++++ GIVEN DATA ++++

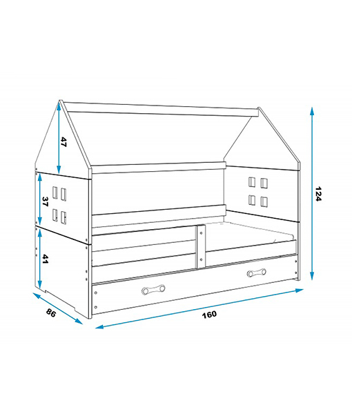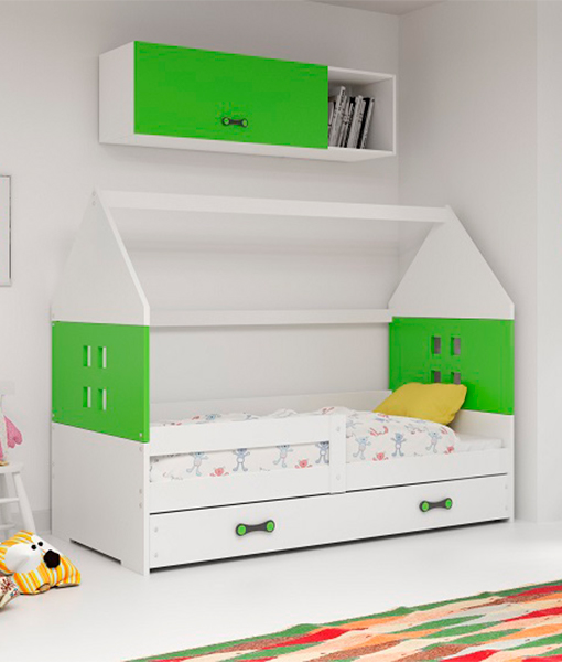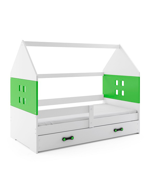 Pat copii montessori casuta Domy alb-vernilRama este realizata din lemn de pin nordic, cu margini rotunjie.Toate componentele sunt vopsitelacuite in 3 straturi, cu vopseluri speciale fara miros si pe
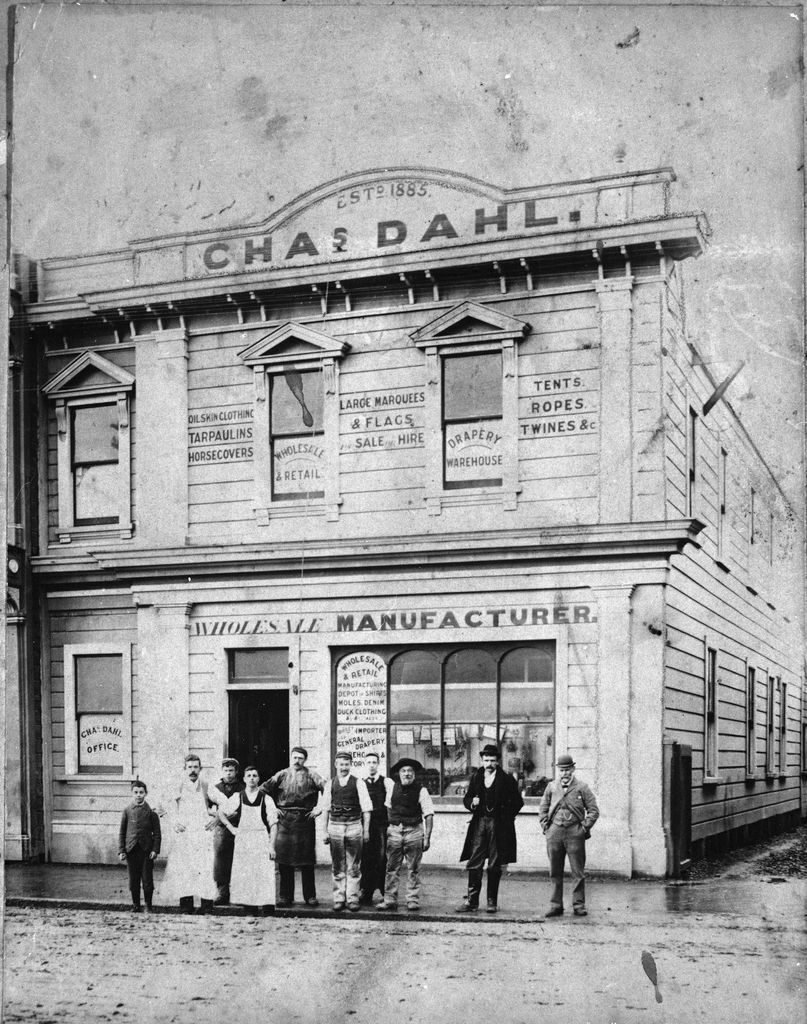 Charles Dahl was a manufacturer of tarpaulins, horsecovers, marquees, tents, ropes and twine, as well as shirts, moleskins, denim and duck clothing. His business was situated between The Square and Princess Streets. The building was demolished February 1968. Charles Dahl is pictured on the far right.
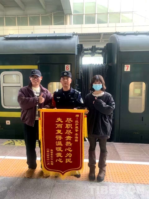 圖為旅客為李警長(zhǎng)送錦旗。2024年11月,李警長(zhǎng)在列車(chē)巡檢時(shí)發(fā)現(xiàn)一部被旅客遺失的手機(jī),在與失主取得聯(lián)系后將手機(jī)送還?!∈茉L者供圖

++++

§ TASK STATEMENT
Set the listing down in full and exactly. Pictures within it should not appear in the copy.

§ WRITTEN ANSWER
 Pat copii montessori casuta Domy alb-vernilRama este realizata din lemn de pin nordic, cu margini rotunjie.Toate componentele sunt vopsitelacuite in 3 straturi, cu vopseluri speciale fara miros si pe
 Charles Dahl was a manufacturer of tarpaulins, horsecovers, marquees, tents, ropes and twine, as well as shirts, moleskins, denim and duck clothing. His business was situated between The Square and Princess Streets. The building was demolished February 1968. Charles Dahl is pictured on the far right.
 圖為旅客為李警長(zhǎng)送錦旗。2024年11月,李警長(zhǎng)在列車(chē)巡檢時(shí)發(fā)現(xiàn)一部被旅客遺失的手機(jī),在與失主取得聯(lián)系后將手機(jī)送還?!∈茉L者供圖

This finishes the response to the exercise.